*What is required*.
The lines below, from the one holding "文章导航 北伦敦最强堡垒!阿森纳在酋长球场输掉过49场英超 【球员丑照】——灵魂画手:武汉三镇2025" through the final line, are to be copied exactly, with no other lines and no pictures.

*Source material*.
────────────────
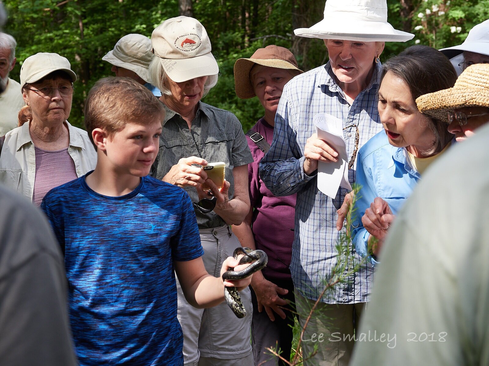 A CRESO research student talks to Oak Ridge Institute for Continued Learning (ORICL) participants about snake ecology during a 2018 field trip to the U.T. Forest Agresearch and Education Center in Oak Ridge, TN.
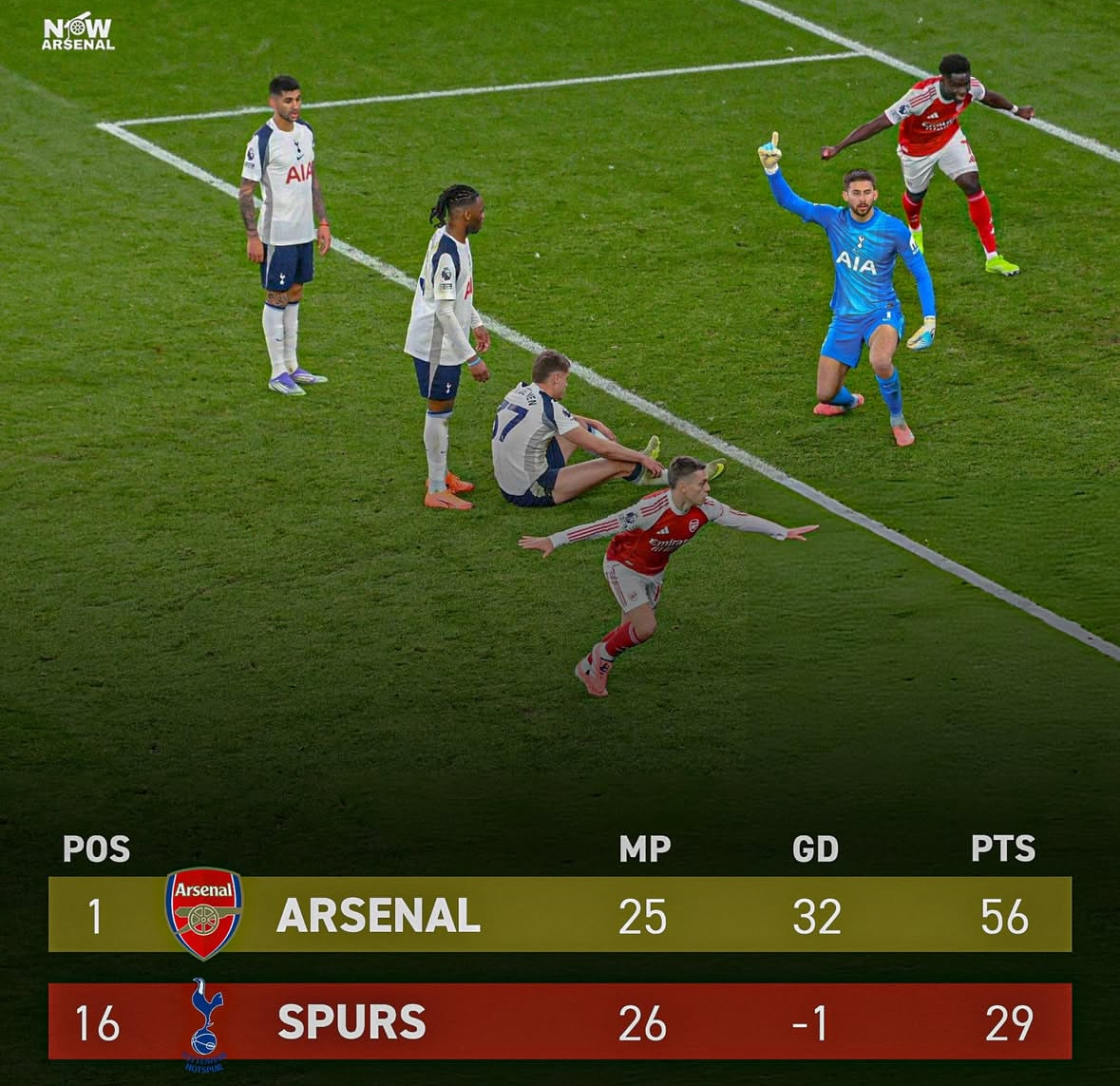 输掉了比赛的热刺,距离榜首的阿森纳差距来到了27分,净胜球差距更是多到33个,这也是最近十年英超两队最大的差距。 热刺最近低迷的状态,确实离老领居阿森纳的水平越来越远了…… 文章导航 北伦敦最强堡垒!阿森纳在酋长球场输掉过49场英超 【球员丑照】——灵魂画手:武汉三镇2025
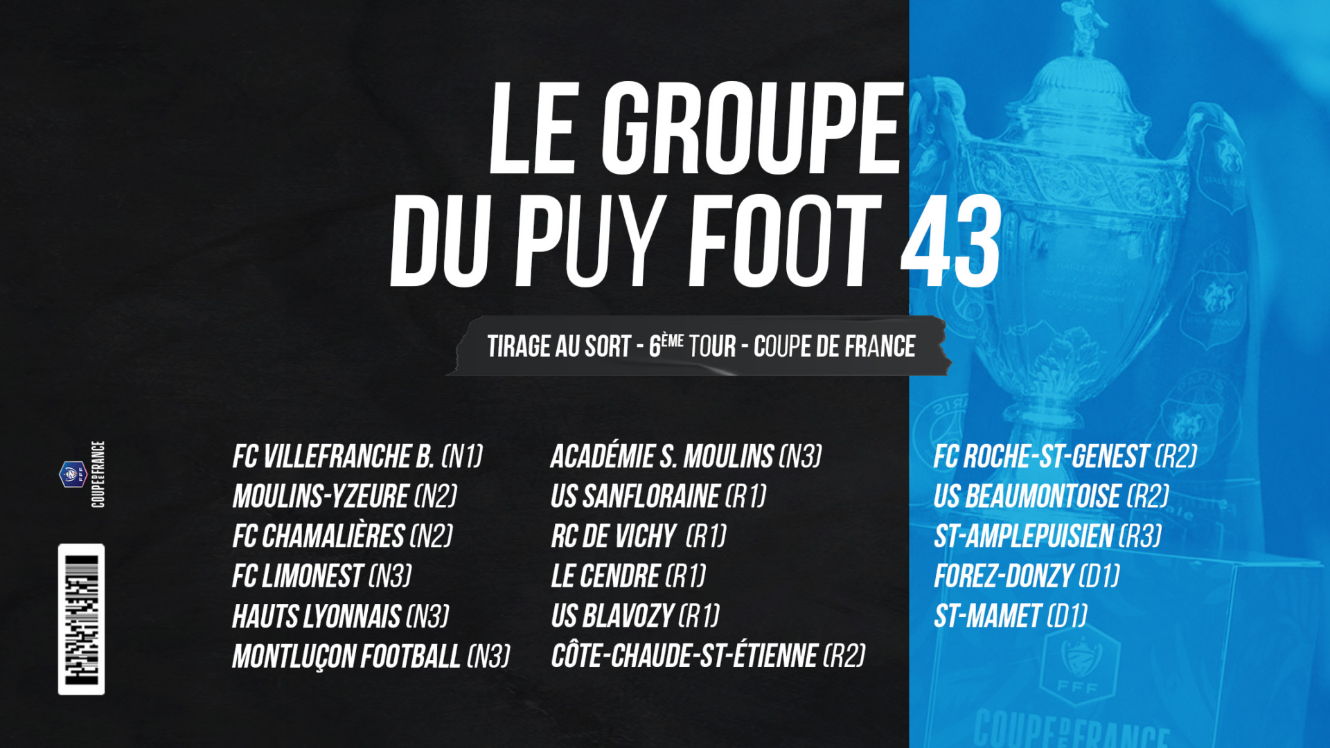 Le Puy Foot 43 est qualifié pour le 6ème tour de Coupe de France. Découvrez les 18 adversaires potentiels des Ciel & Blanc avant le tirage au sort demain, 15h30, sur France 3. Les matchs se tiendront le week-end du 30 et 31 octobre prochain.
────────────────
*Completed exercise*.
 输掉了比赛的热刺,距离榜首的阿森纳差距来到了27分,净胜球差距更是多到33个,这也是最近十年英超两队最大的差距。 热刺最近低迷的状态,确实离老领居阿森纳的水平越来越远了…… 文章导航 北伦敦最强堡垒!阿森纳在酋长球场输掉过49场英超 【球员丑照】——灵魂画手:武汉三镇2025
 Le Puy Foot 43 est qualifié pour le 6ème tour de Coupe de France. Découvrez les 18 adversaires potentiels des Ciel & Blanc avant le tirage au sort demain, 15h30, sur France 3. Les matchs se tiendront le week-end du 30 et 31 octobre prochain.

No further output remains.